É verdade, seria muito mais fácil se. Pra nós dois. Mas o cosmos não tem muita propensão a fazer o que é pra mim mais fácil ou menos doloroso. Os momentos em que eu estou mais próximo de acreditar que existe um deus são justamente aqueles em que eu o vejo sádico, usando seus raios para me eletrocutar, me desfazer, mesmo que desfeito eu já seja há muito, será que ele sabe disso, deve saber se for mesmo onisciente, talvez não o seja e ache que eu sofri muito pouco, talvez porque eu esteja tão calado que pareça estar consentindo com tudo. Mas o ditado só serve quando o calar é voluntário.
E é?
Insisto em catar as migalhas do chão. São assim os labirintos, têm ruas, travessas e becos sem saída, há quem diga que a mais segura maneira de sair deles é ir andando e virando sempre para o mesmo lado, mas isso, como temos obrigação de saber, é contrário à natureza humana. Não tento voar porque sei que sou pesado demais, vou direto ao chão. E o mais impressionante é que a expressão facial que tenho nesse momento é a que tantas vezes carrego na frente de todos. E ninguém parece perceber que eu não sou como eles. Sou essencialmente diferente de todos os que compões meu assim chamado grupo. Eles tem muito mais presente em si a felicidade, a leveza, o ar nos pulmões.

Me falta ar para a básica necessidade de respiração, e agora já não falo de minha condição física, não falo do catarro que entope toda minha via respiratória, da boca ao pulmão, falo de outra coisa. Me falta ar para a básica necessidade de respiração: não sinto meu coração partido, mas meus pulmões, são eles o verdadeiro centro dos sentimentos, das emoções, são eles que se partem todos os dias mais e mais, meus pulmões são poeira estelar.

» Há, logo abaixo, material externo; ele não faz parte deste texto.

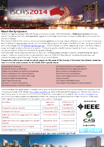 The theme of ISCAS 2014 is nano/bio circuits and systems applied to enhancing living and lifestyles, and, in line with the Society’s Mission and Vision (http://ieee-cas.org), especially to the multidisciplinary grand challenges in healthcare and well-being, environment and climate change (e.g. see http://engineeringchallenges.org). ISCAS is the world's premier networking forum in the fields of theory, design and implementation of circuits and systems. The Society’s goal is to build it also as the premier forum in pioneering circuits and systems contributions to humanity’s grand challenges. ISCAS 2014 will include oral and poster sessions, tutorials in emerging topics and special sessions complementing the regular program. It will also include invited industry innovation sessions. ISCAS 2014 Keynotes will be delivered by distinguished speakers focusing on grand challenges relevant to the symposium theme.

A filosofia não mais me adianta. Preciso de alguém que me diga o que acontece comigo, algum especialista que possa ler as linhas complexas de minhas rodovias neurológicas e meus limites políticos, topográficos, hídricos. Porque eu não me entendo como eu achava que entendia. Eu não sei O Que É O Que É. Eu perdi a capacidade de explicar a mim mesmo a minha situação.
E tudo o que me cerca vai reforçando o sentimento de que, por incrível que pareça, o momento mais feliz de toda a minha vida já foi, e agora todo o caminho é descida, eu achava que não dava pra descer mais mas devia ter aproveitado aquele pico que pra mim era tão insuportável. E era mesmo, inaproveitável. Então desço, lentamente no começo, mas a rampa fica mais íngreme, a gravidade me puxa mais e mais, estou pesado – até que tudo acaba quando a declividade da rampa for infinita: eu caindo ao lado do meu prédio, pulado da janela.

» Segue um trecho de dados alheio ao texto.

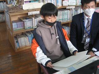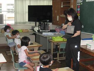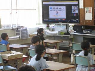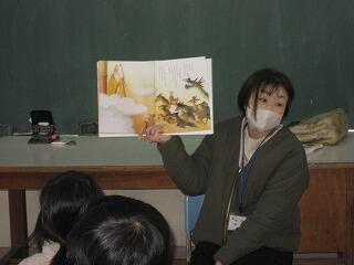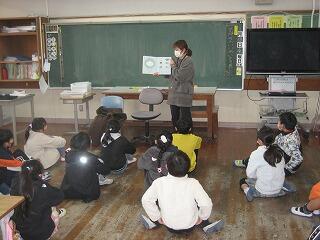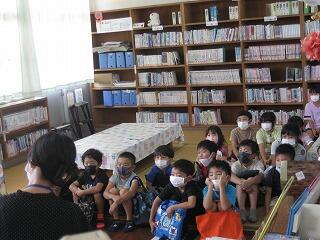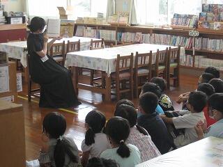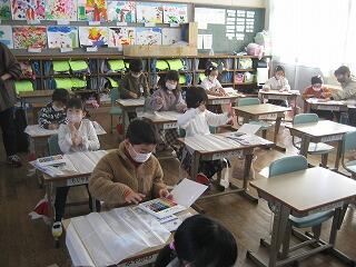 図書の時間に図書館サポーターの先生が絵本の読み聞かせをしてくださいました。子どもたちはくいいるように絵本を見ていました。読書好きの子どもが増えるといいですね。

Dois mil e cinco repetindo dois mil e três. O ver de fora minha própria vida. O querer estar sozinho na classe e não sair para o recreio. O ultra-romantismo com todas suas características estudadas em sala de aula, vocês não sabem mas estão na verdade estudando a minha mente, reencarnação de Álvares de Azevedo, estudando-me omni soli semper.
Mas são só meus sintomas que se repetem: eu mesmo sou outro, muito mais próximo do meu eu de dois mil e quatro (se é que os egos ao longo de uma vida podem ser corretamente divididos em anos), e portanto outras são as causas de tais sintomas, outra é a virulência que causa a febre a tuberculose o egocentrismo a ânsia de glória o pessimismo extremo, cada vez menos Ariel e mais Caliban.

(Egocentrismo de crescimento perceptível se analisarmos a evolução de meus posts aqui no pato: antes eu fazia posts bons, agora faço posts ruins, falando de mim mim mim mim, eu sofro, eu choro, eu quero, buá, como um bebê que há pouco deixou de mamar, se eu pudesse eu voltava pros meus posts bons, mas o egocentrismo já é forte demais, me impede, desculpem meus leitores e meus não-leitores, quem sabe em dois mil e seis tudo volta, se é que ainda estaremos aqui em dois mil e seis, não terá uma bomba caído ou as calotas polares derretido ou uma guerra eclodido, bate na madeira para que os deuses da natureza impeçam que tais catástrofes aconteçam, se é que os deuses não morreram quando suas habitações arbóreas foram dilaceradas para a produção dessa mesa sobre a qual se encontra o computador nesse momento, enfim, vamos esperar para ver se os deuses e os posts bons voltam em dois mil e seis, ano inimaginável de tão distante, ano inexistente de tão futuro, se não são sinônimas as duas adjetivações, sejam alternativas enumeradas, como na poesia, finjamos que aqui se faz poesia.)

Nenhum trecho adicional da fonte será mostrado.